When her father remarries a few years after her mother’s passing, her new stepmother forbids the mention and honouring of these spirits. Crops start to fail. Animals die. The dead awaken. The fairytales of her youth are coming alive and she will have to defy the constricting rules of her gender and call upon her secret, dangerous gifts in order to save those she loves.
Discussion
Let’s Talk Characters & World and Fairytales and Reading Too Much:
Ah, this book! This world! These characters!
Sometimes I worry I read too much. That all the stories are sounding too similar, the plots too thin, the characters just flat … and I question, is it me? Am I reading too much??
And then, you pick up a book like this and your love of story is renewed, because The Bear and the Nightingale is unlike anything I’ve read. This magical, creepy, evil, ancient, cold Russian landscape is so real and so vivid it truly took over my imagination.
Vasilisa (Vasya) wasn’t perfect.

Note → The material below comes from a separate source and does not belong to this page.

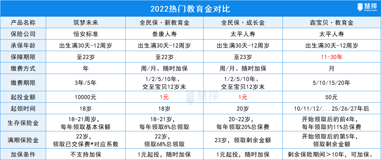 但領(lǐng)取時間比筑夢未來和全民保新教育金晚2年,適合上學(xué)較晚或者做碩博教育金。

I loved her imperfection. I loved her intelligence and her fierceness and her bravery … she reminded me so much of Merida, which I guess is the point, this is, after all, a fairytale. A creepy, violent fairytale. It is so full of the stereotypical fairytale elements – evil Stepmother and all – but I found myself so wrapped up in the story that I would forget this. While having stereotypical fairytale elements, it never fell into stereotypes themselves.

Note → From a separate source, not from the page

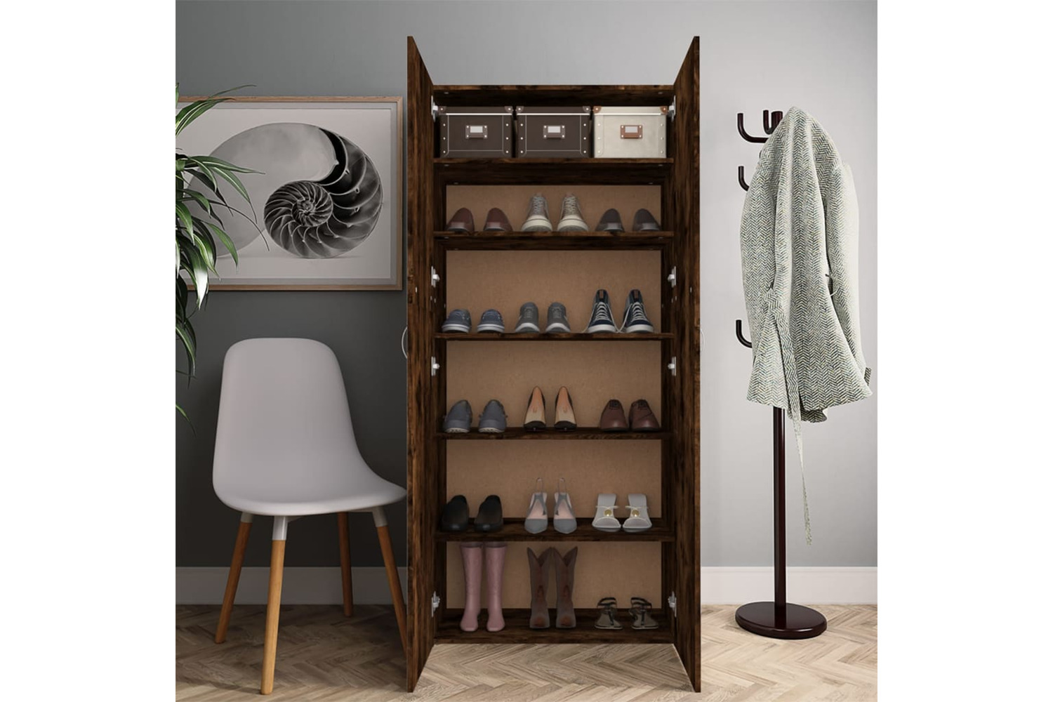 Keep your shoes away from dust and cluttering to create a tidy environment with this elegant shoe cabinet!

Let’s talk pacing and misleading jacket blurbs:
Honestly the story that is blurbed on the dust jacket doesn’t really take hold until the middle of the book and typically this would have me cursing … but it is necessary here to fully build out Vasya and her world.

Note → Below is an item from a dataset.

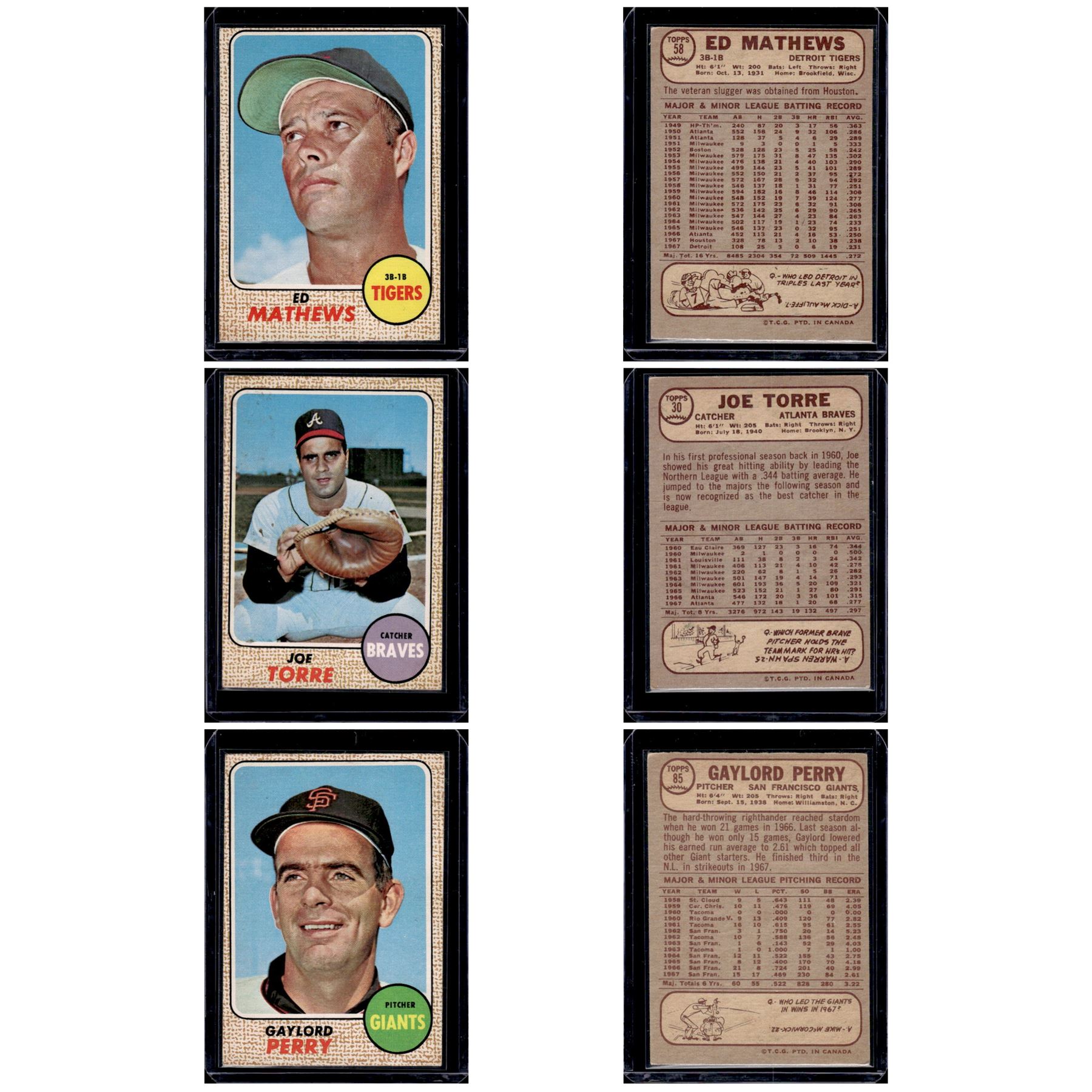 1968 Topps Vintage Cards: Matthews, Torre, Perry

Was the pacing perfect? Nope. Not always. But the overwhelming, slow building urgency of this story just kept me turning those early pages needing to know what happens next.
Let’s talk fear factor:
This is scary! Like, kind of surprisingly scary! And an itty-bitty bit grotesque … like vampires and blood … and some more blood & gore. Not necessarily a content warning, I just wasn’t expecting it and it took be by surprise. But it works so well and added so much to the story and immersion in this fairytale.
Overall Thoughts:
Such an excellent, engrossing, magical fairytale of a book that is actually quite grounded by everyday realities … I’ve never read anything like it. Vasya is bound by the very real constraints of her sex and the time period she lives, while also possessing these fairytale magical abilities. It provided such an overall sense of completely believable conflict. I felt like I was simultaneously reading a book of Russian history, but within the unmistakable elements of a fairytale. So very well done and I’m excited to continue in the series.